> _TASK STATEMENT_:
Output nothing except the lines from the one containing "Auch schon Tradition: Am" through the final line of the data, both included, typed exactly, minus the pictures.

- - - - - - -

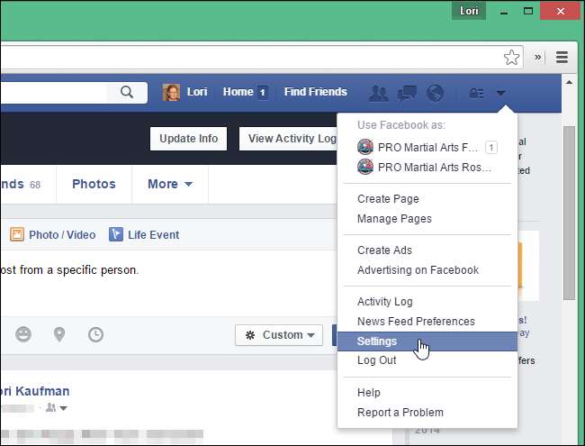 Je kunt deze instelling ook wijzigen voor alle toekomstige berichten. Misschien wilt u dit doen als er een persoon is die u niet wilt 'ontvriend' maken, maar u niet wilt dat hij uw berichten te zien krijgt. Klik op de pijl-omlaag aan de rechterkant van de bovenste blauwe balk op je Facebook-pagina. Selecteer "Instellingen" in het vervolgkeuzemenu.
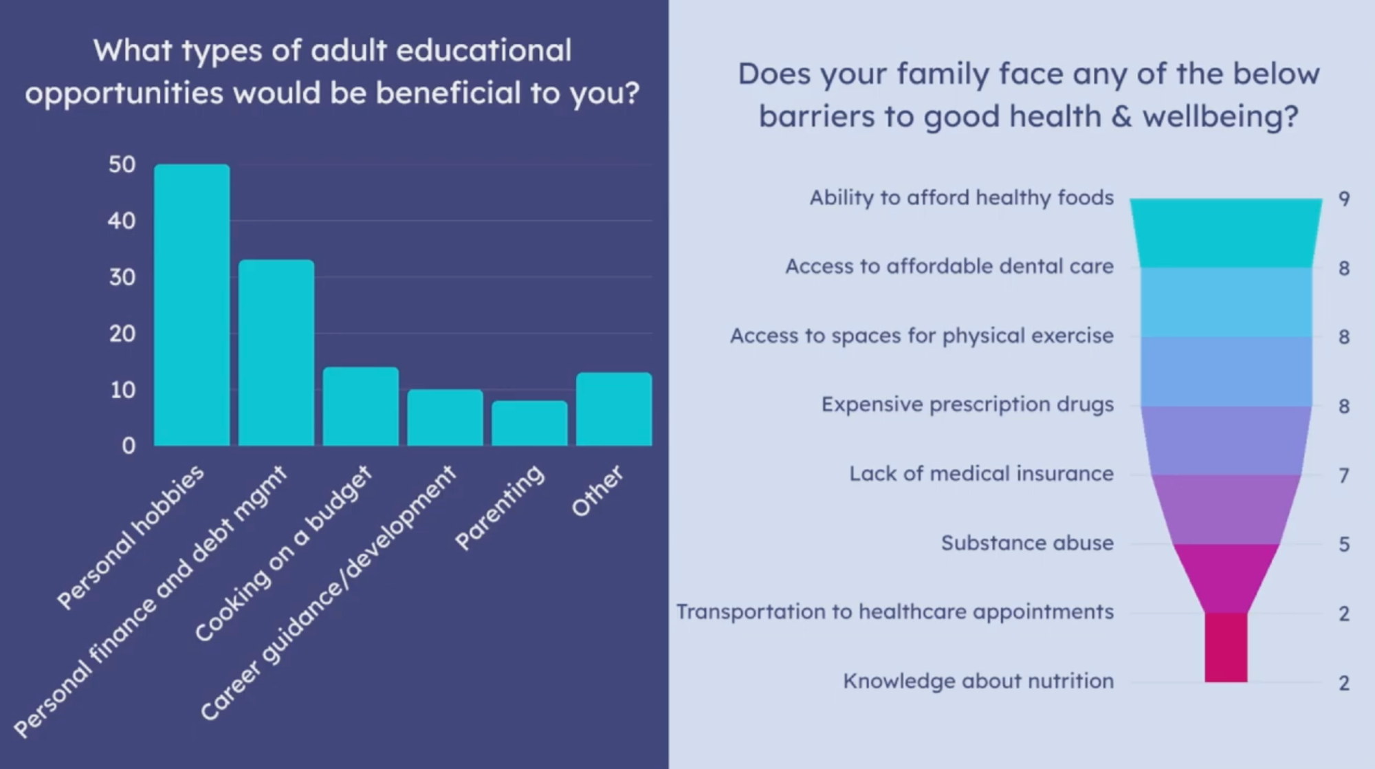 Residents also identified barriers to health including inability to afford healthy foods, dental care access, expensive prescription drugs and lack of medical insurance.
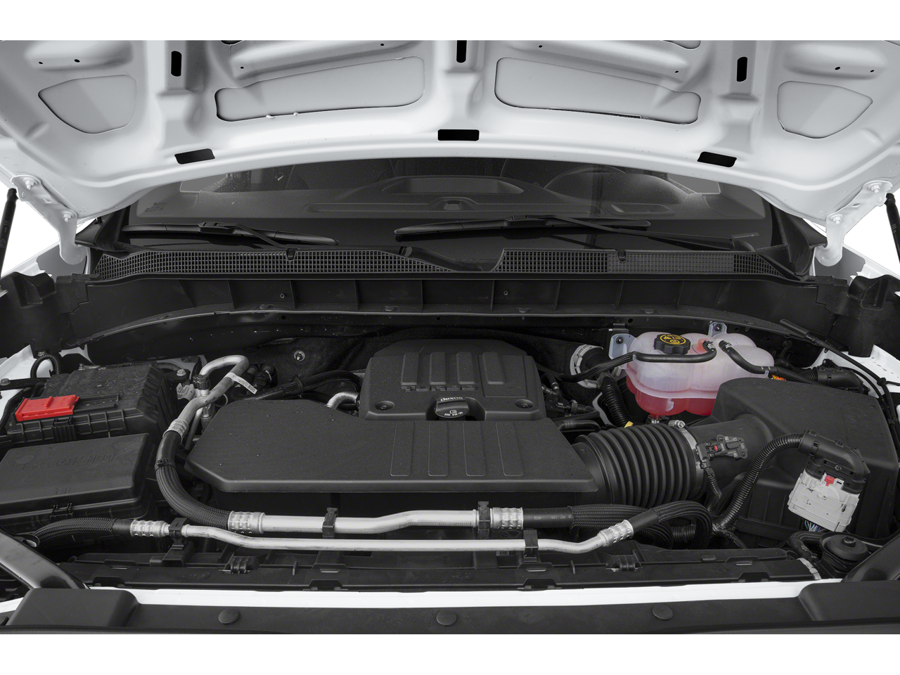 TECHNOLOGY PACKAGE includes (DRZ) Rear Camera Mirror and (UV6) 15 Diagonal Head-Up Display (Includes (UVN) Bed View Camera. LTZ CONVENIENCE PACKAGE II includes (A48) rear sliding power window, (UG1) Universal Home Remote, (KA6) Rear Heated Outboard Seats, and (KSG) Adaptive Cruise Control-Camera, CHEVROLET INFOTAINMENT 3 PREMIUM SYSTEM with Google built-in compatibility (select service plan required, terms and limitations apply) including navigation capability, 13.4 diagonal HD color touchscreen, includes multi-touch display, AM/FM stereo, Bluetooth® streaming audio for music and most phones; featuring Wireless Apple CarPlay and Wireless Android Auto capability for compatible phones, advanced voice recognition, in-vehicle apps, personalized profiles for infotainment and vehicle settings (STD), 5.3L ECOTEC3 V8 (355 hp [265 kW] @ 5600 rpm, 383 lb-ft of torque [518 Nm] @ 4100 rpm); featuring available Dynamic Fuel Management that enables the engine to operate in 17 different patterns between 2 and 8 cylinders, depending on demand, to optimize power delivery and efficiency (STD), 10-SPEED AUTOMATIC with Electronic Transmission Range Selector, (ETRS), electronically controlled with overdrive, tow/haul mode and steering column paddle shifters. Includes Cruise Grade Braking and Powertrain Grade Braking (STD). Chevrolet LTZ with Summit White exterior and Jet Black interior features a 8 Cylinder Engine with 355 HP at 5600 RPM*.
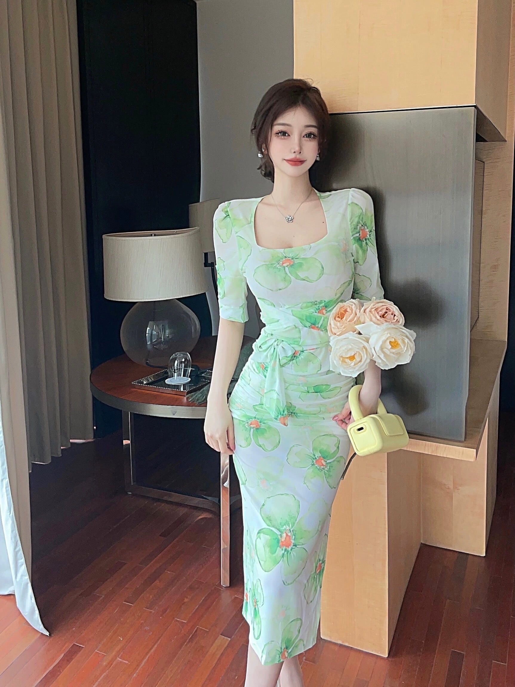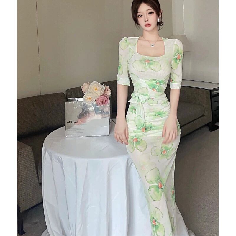 2024 春と夏の新しいスタイルのウエスト痩身セクシーなプリントタイトなヒップハグ高冷姉妹スタイルのドレスの女性 スプリング 春物 サマー 夏物 yingd10626999189
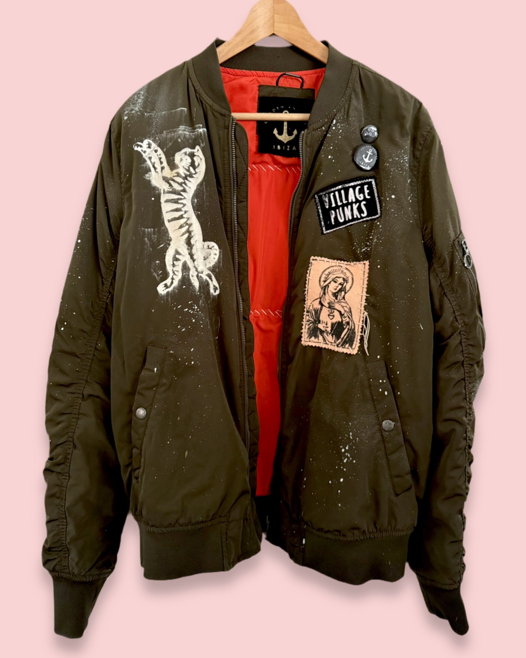 Die Basis dieser Upcycling-Bomberjacke bildet ein sorgfältig ausgewähltes Vintage-Original aus robusten Materialien. Das Stück wurde in Ibiza individuell weiterentwickelt und manuell veredelt – unter anderem mit Siebdrucken, Stencils, Patches und Farben. Der Schnitt ist relaxed und unisex, konzipiert für Oversize-Looks oder individuelles Styling. Durch den handwerklichen Prozess entstehen leichte Unterschiede, die jeder Jacke ihren eigenen Charakter verleihen. Entworfen für Menschen, die Individualität, Qualität und bewusste Modeentscheidungen schätzen.
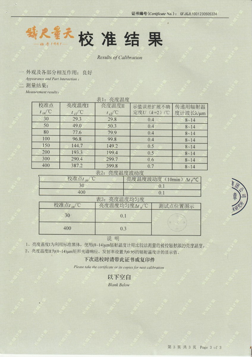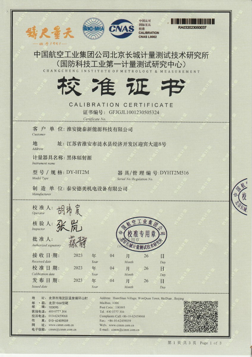 淮安捷泰新能源科技有限公司 黑體輻射源 校準(zhǔn)證書 2023-5-18 本文被閱讀 11300 次
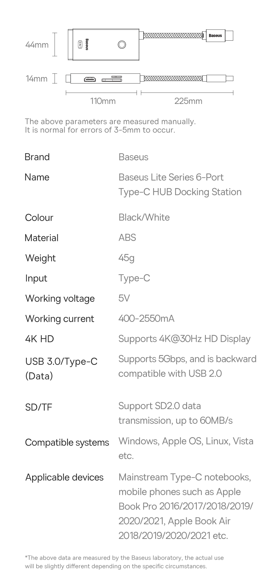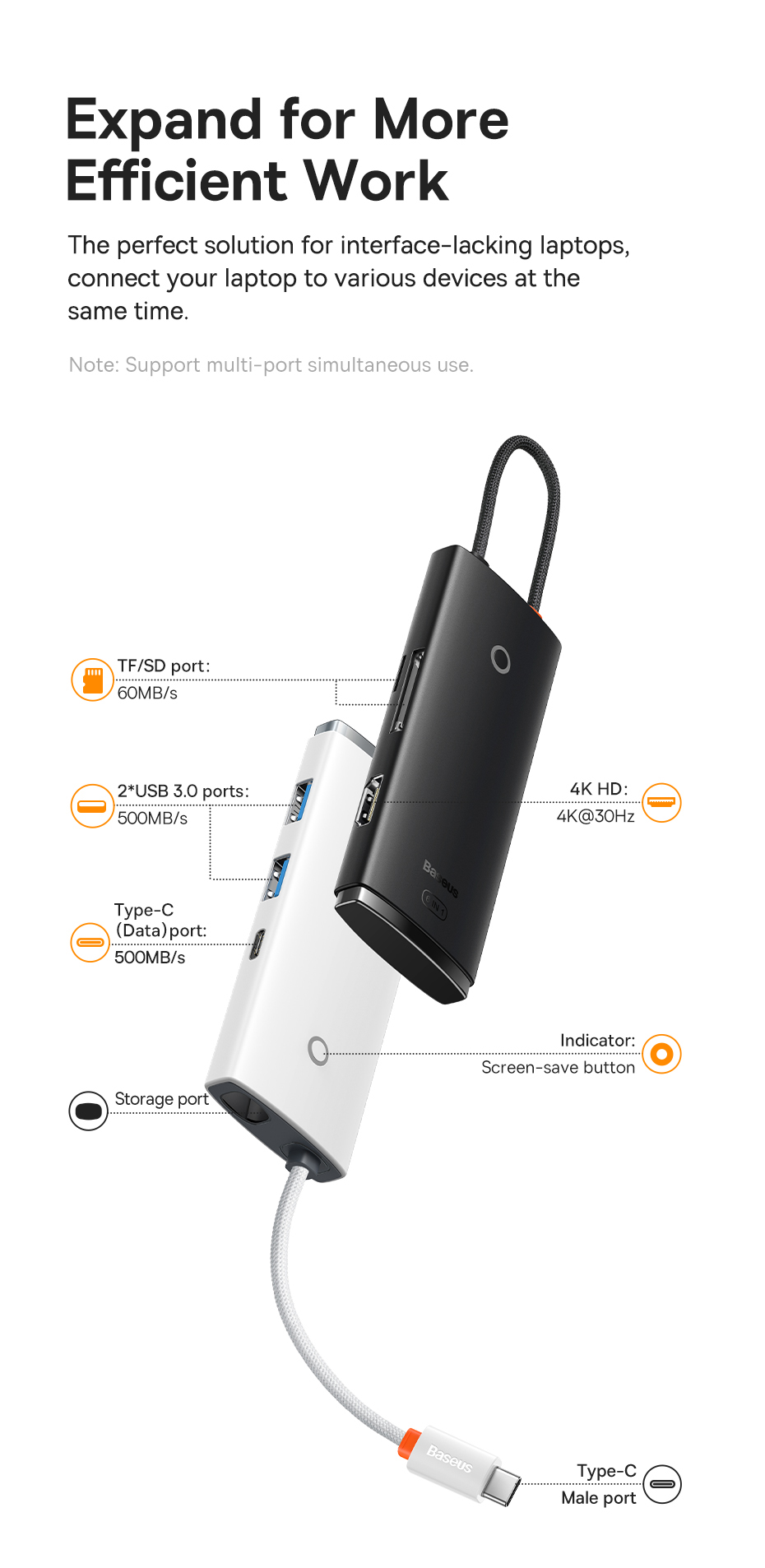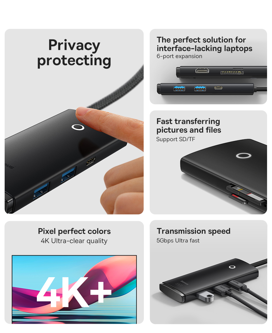 | Tên | Baseus Lite Series 6-Port Type-C HUB Docking Station |
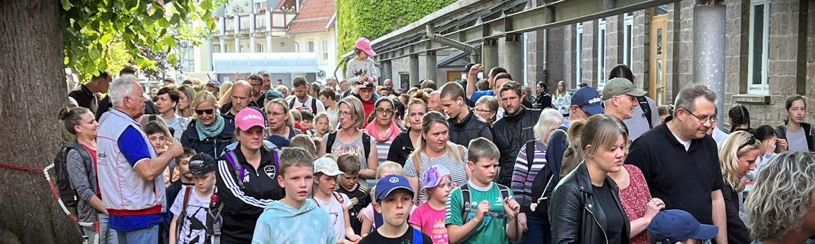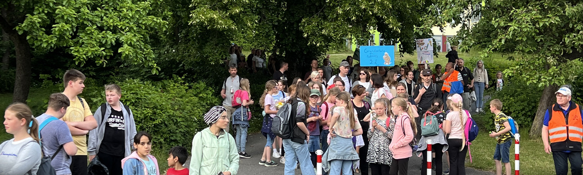 Auch schon Tradition: Am Freitagabend ist der Marsch aller Teilnehmer vom Ostring durch die Stadt über den Marktplatz. Als Anerkennung ihrer Taten erhalten die Wanderer oftmals auf dem Weg zum Schulhof von Angehörigen und Freunden noch Blumen.
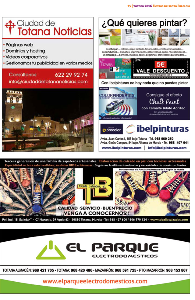 La revista incluye artículos sobre aspectos culturales y costumbristas de Totana, así como el elenco de actividades programadas para estos festejos patronales.
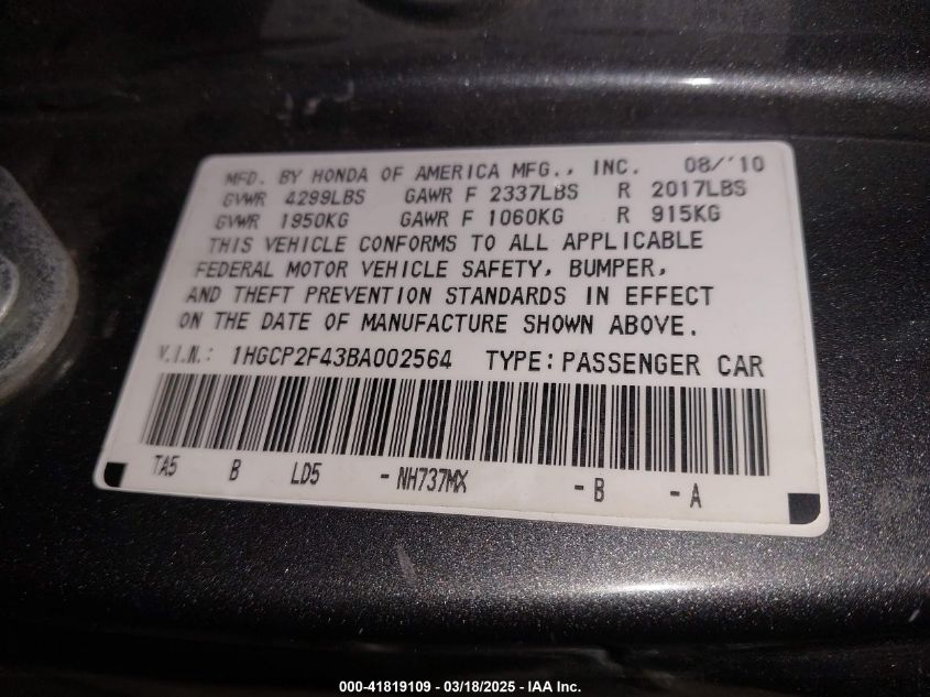 Цвет СерыйЦилиндры 4Привод Передний приводVIN 1HGCP2F43BA******Состояние НеизвестноПовреждения Передняя или задняя AutoRIA

- - - - - - -

> _ANSWER SPACE_:
 Auch schon Tradition: Am Freitagabend ist der Marsch aller Teilnehmer vom Ostring durch die Stadt über den Marktplatz. Als Anerkennung ihrer Taten erhalten die Wanderer oftmals auf dem Weg zum Schulhof von Angehörigen und Freunden noch Blumen.
 La revista incluye artículos sobre aspectos culturales y costumbristas de Totana, así como el elenco de actividades programadas para estos festejos patronales.
 Цвет СерыйЦилиндры 4Привод Передний приводVIN 1HGCP2F43BA******Состояние НеизвестноПовреждения Передняя или задняя AutoRIA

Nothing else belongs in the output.